Prof. Gittell's work and research experience has direct relevance to the Australian PHC service system, which is facing pressures due to increasing demands from an ageing population, increasing chronic disease, increasing co-morbidities, workforce shortages, and increasing health system complexity and fragmentation. To improve access to care, to enhance local service coordination, population health planning and service integration, the Australian Government is establishing a network of independent PHC organisations (PHCOs/ Medicare Locals) National Health and Hospitals Reform Commission (NHHRC) http://www.health.gov.au/internet/nhhrc/publishing.nsf/Content/nhhrc-report). However, Dr Gittell's work has clearly shown that policy changes and increased access to care will not alone address these pressures. Timely, accurate, problem-solving communication that crosses all organisational boundaries is required to build a high performing work system that foster relational coordination across multidisciplinary primary health care team.
Prof. Gittell's visit will
- contribute to APHCRI's understanding of how to build high performing work systems that foster relational coordination across multidisciplinary primary health care team approaches
- provide advice to APHCRI on how to facilitate the uptake of new evidence about high performing work PHC systems into PHC policy;
- provide advice to the hosting organisations (Australian Health Workforce Institute at Melbourne University, Department of Management at Monash University, and Affinity Organisational Development) about of the use of theory of relational coordination in teaching and research
- provide international leadership on the use of the theory of relational coordination to inform Australia's PHC workforce policy
Prof.
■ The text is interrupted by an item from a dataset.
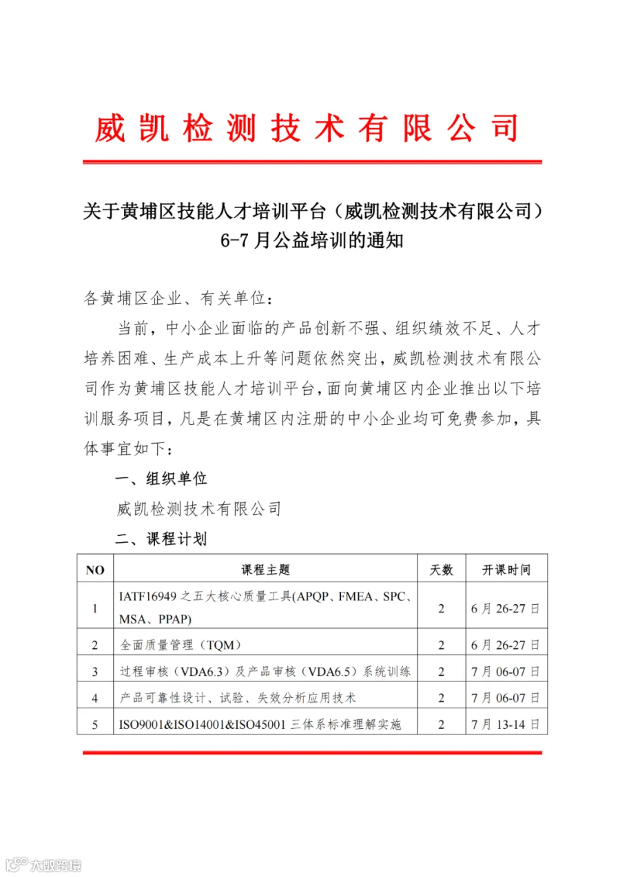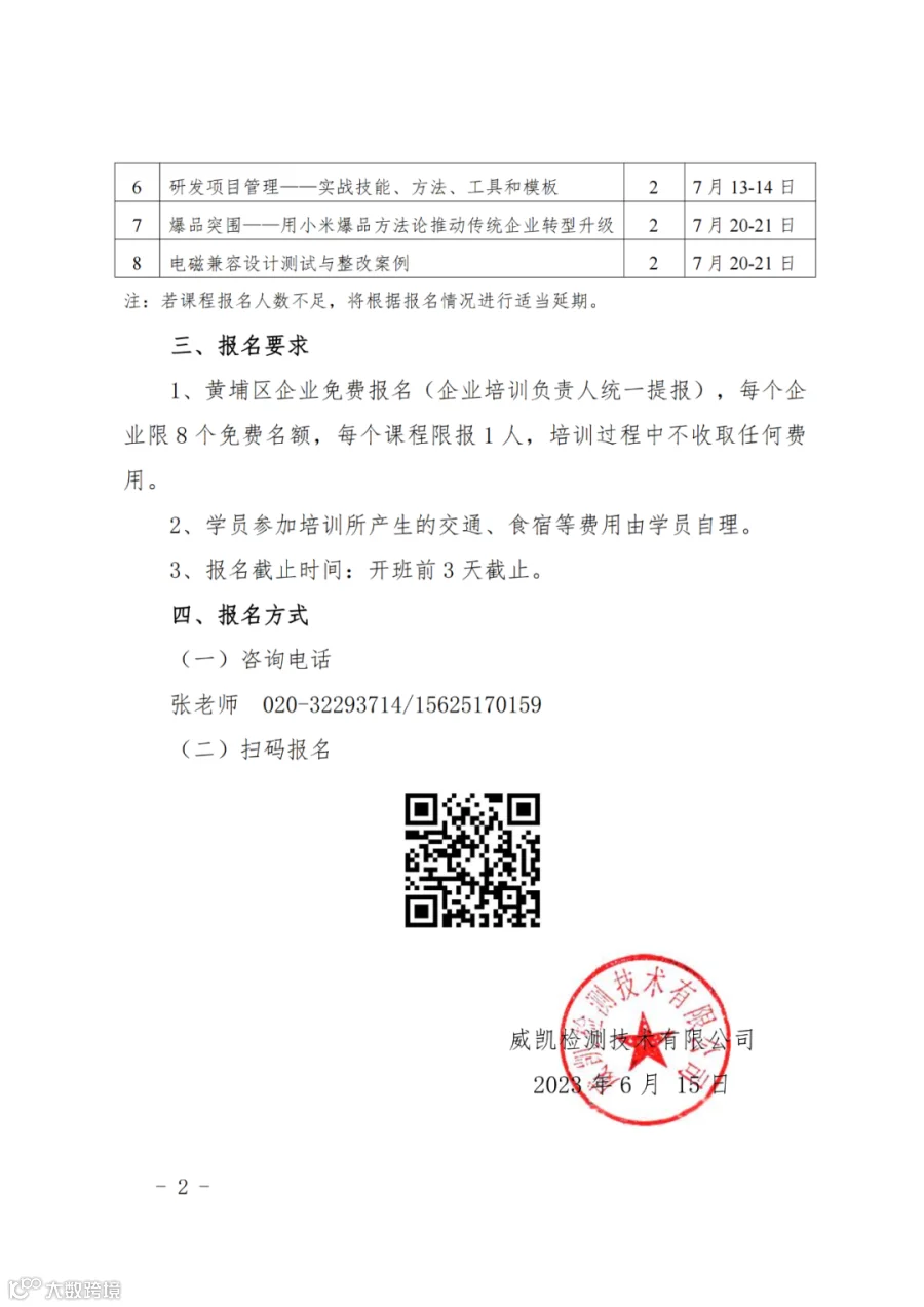 黄埔区技能人才培训平台——威凯检测技术有限公司将于2023年6月- 2023年7月组织召开一系列公益培训课程,帮助各中小企业更好应对发展中的突出问题,实现共同繁荣。课程详情请见通知,欢迎我区企业员工扫描以下通知二维码免费报名,名额有限,先到先得。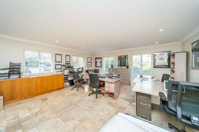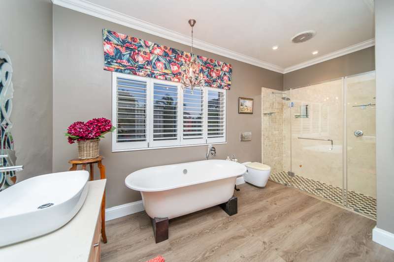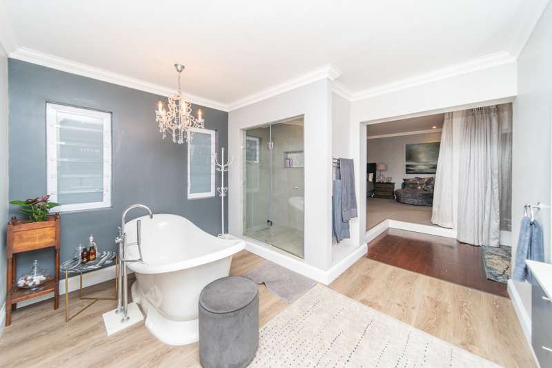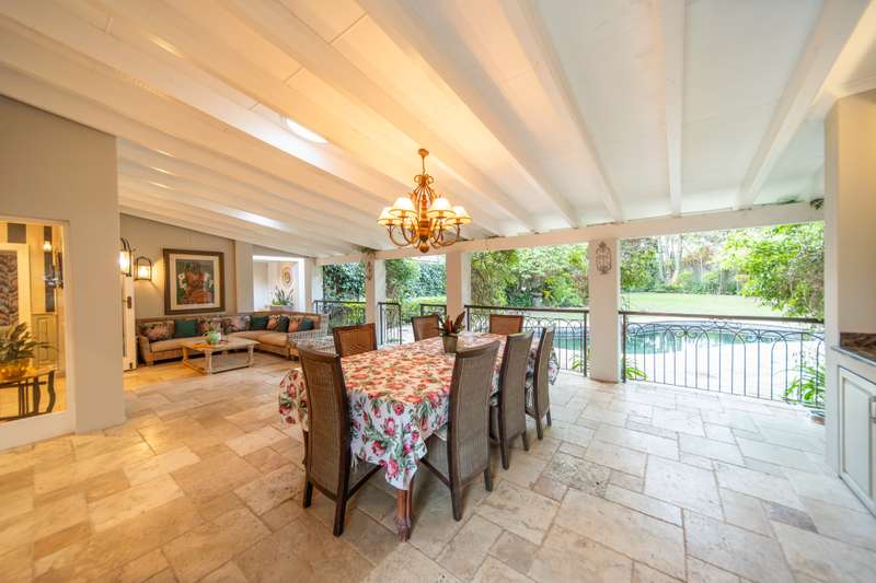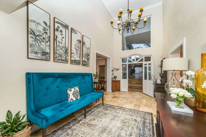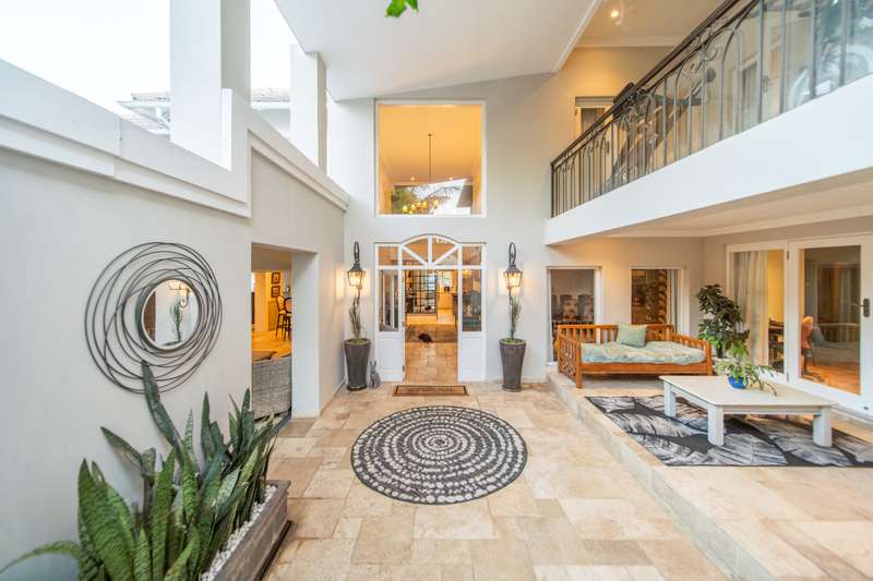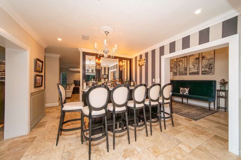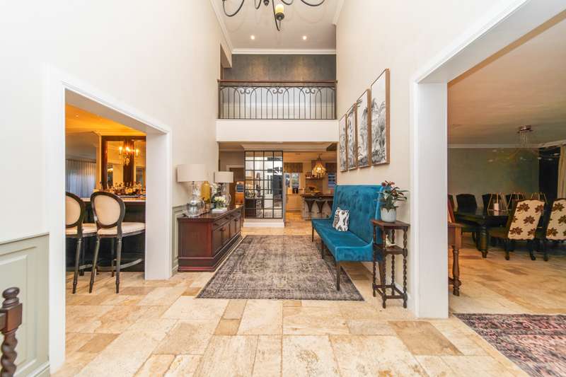 Step into a world of architectural excellence and timeless elegance with this expansive, luxury residence, designed for those who seek grandeur, privacy and unparalleled comfort. From the moment you arrive, the impressive courtyard and entrance hall set the tone for what lies beyond. A home where every detail has been thoughtfully crafted to create a refined yet inviting atmosphere, perfect for both sophisticated entertaining and tranquil everyday living. Exceptional Features include : • Grand open-plan living and dining areas, adorned with chandeliers, Ambiente Luce lanterns, and exquisite travertine flooring throughout. • Multiple lounges and entertainment spaces seamlessly connected to the dining area and Gentlemen’s bar, rich in dark wood and marble countertops. • Expansive covered outdoor terrace with built-in braai, ideal for alfresco dining and all-weather entertaining. • Bespoke Kitchen featuring high-end cabinetry a sperate scullery, and a dedicated breakfast area. • Private TV Lounge, perfect as a children’s retreat or quiet reading space. Upstairs Sanctuary: • Five spacious Bedrooms, all air-conditioned. Two offer en-suite bathrooms. • Full family Bathroom with luxurious his-and-hers vanities. • The Master suite is a true oasis featuring a quite reading area, private coffee station and French doors leading to a covered balcony. The Main en-suite is designed as a serene escape after a busy day Additional Luxuries: • Double inter-leading Garage • Separate staff quarters • Laundry room with private washing area • State-of-the-art inverter system • Borehole water with 2 x 5000l rain water fed Tanks and 5 x 5000l borehole fed tanks • Private Guest Suite / studio flat ideal as a home office or for extended stays This home is a rare opportunity for the discerning buyer seeking a residence that truly has it all. Contact me to arrange a private viewing and prepare to be mesmerized.

Gittell's program will comprise of seminars and roundtable discussion which will focus on ways to build and facilitate the uptake of evidence about relational coordination for future multi-professional PHC team workforce policy and practices.
Key round-table discussion questions will include:
- What are the current key gaps in the relational coordination evidence base related to the PHC systems?
- What challenges exist to the use of the theory of relational coordination in primary health care workforce research?
- What opportunities exist to strengthen the relational coordination evidence base within PHC?
- What needs to change (policy stakeholders, researchers) to facilitate the uptake of evidence about relational coordination within PHC?
- What are the systems implications of seeking to embed relational coordination principles within Medicare Locals/PHC organisations in a consistent way?